Теперь, когда они тащились по мерзлому сосновому лесу и буран хлестал им в лица ледяной крупой, Христиан больше не поминал об отваге, чести и шведском короле. Он тяжело вздыхал и плелся с опущенной головой, поминутно спотыкаясь о корни сосен, падая и жалобно всхлипывая. Он был голоден — за целый день ему досталась лишь половина мерзлой репы да немного буковых орешков и кореньев, которые они вырыли из-под снега. Но хуже голода был мороз. Щеки у Христиана стали напоминать меха волынки, его посиневшие пальцы закостенели от стужи, а уши ныли и уже теряли чувствительность под дырявым платком, которым он обмотал себе голову. Шатаясь под напором бурана, он мечтал уже не о подвигах и славе, а о теплых рукавицах, обшитых заячьим мехом сапогах, ночлеге под чьей-нибудь крышей да конской попоне, которой можно было бы укрыться на ночь…
Когда они выбрались из леса, уже рассвело. На продутых ветром полях, лугах и болотах лежал тонкий слой снега. В бледном утреннем свете мимо них пронеслась стая куропаток. Там и сям дрожали на ветру одинокие голые березы. А с востока приближалась белая колеблющаяся стена тумана, скрывавшая за своей зыбкой пеленой деревни, дворы, луга, пашни и новые леса.
Вор искал убежище, в котором им можно было бы отсидеться до темноты, но как на грех вблизи не было ни домика, ни сарая, ни рва, ни какого-нибудь другого защищенного деревьями или кустарником места. Зато он увидел нечто другое — и сразу же склонился к земле, чтобы получше присмотреться.
Снег был изрыт лошадиными копытами — тут останавливался отряд конницы. По следам, оставленным в снегу прикладами мушкетов и шанцевыми инструментами, опытный глаз бродяги мигом определил, что это были драгуны.
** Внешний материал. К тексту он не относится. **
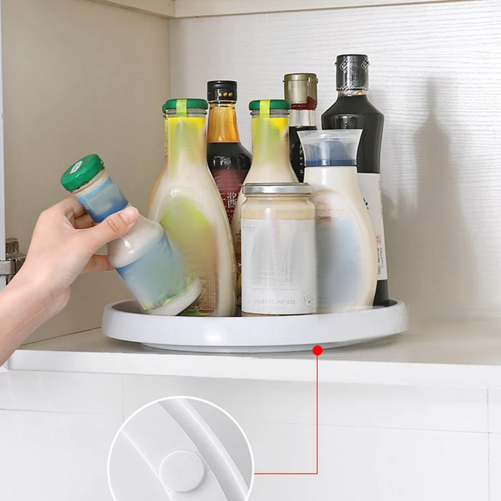 Stable stacking, free combination, simple design, can store cosmetics, kitchen supplies, etc. Cosmetics Organizer, Multilayer Design, Rotating You can use this in your kitchen, pantry, refrigerator, or even bathroom cabinets. Rotary storage, effectively save space, large capacity, safe and convenient.
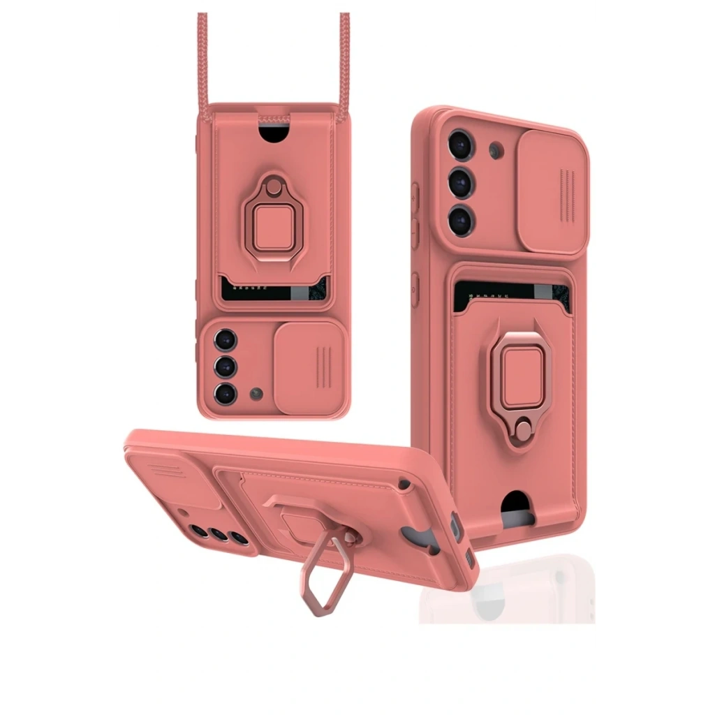 Samsung Galaxy S21 FE Kılıf Zuma Kartvizitli Yüzüklü Silikon - Pembe

Они развели здесь костер, немного погрелись, а потом двинулись дальше. Четверо поскакали на север, а трое — на восток.
Значит, это были разъезды. За кем они гонятся? Все еще стоя на коленях у следов, вор бросил быстрый взгляд на спутника, который трясся от стужи, сидя на верстовом камне у обочины проселка. Увидев, как жалко тот выглядит, вор решил не говорить парню ни слова о драгунах, чтобы не отнять у него остатки мужества.
Однако Христиан фон Торнефельд почувствовал устремленный на него взгляд. Он открыл глаза и принялся ожесточенно растирать застывшие руки.
— Что ты там нашел? — слезливым голосом спросил он. — Если это репа или кочан капусты, то давай делиться, как уговорились! Мы же клялись во всем быть заодно. Что найдет один — поделит с другим, помнишь? Как только я доберусь до кузена…
— Да помилуй Бог, ничего я не нашел! — побожился вор. — Как тут найдешь репу, когда поле засеяно озимой рожью? Я просто хотел посмотреть, какая тут у них земля.
Они говорили по-шведски, так как вор родился в Поммерне и работал там на шведского помещика. Чтобы развеять подозрения своего спутника, он вытащил из-под взрытою драгунами снега комок мерзлой земли и размял его в ладонях.
— Хорошая земля! — сказал он, снова трогаясь в путь. — Красная глина, из какой Бог создал Адама. Она может родить по полторы копны с ведра семян.
В эту минуту в нем пробудился крестьянин. В молодости ему немало довелось походить за плугом, и он хорошо знал, как надо обращаться с землей.
— Полторы копны, — повторил он. — Но, сдается мне, здешние хозяева держат плохого управителя и ленивых батраков. Ты только посмотри, что у них тут творится! Озимые посеяли чересчур поздно. Мороз ударил, борона уже плохо брала землю, вот семена и повымерзли.
Но Торнефельд уже не слушал его. Он брел следом, постанывая и покряхтывая от боли в стертых до крови ногах.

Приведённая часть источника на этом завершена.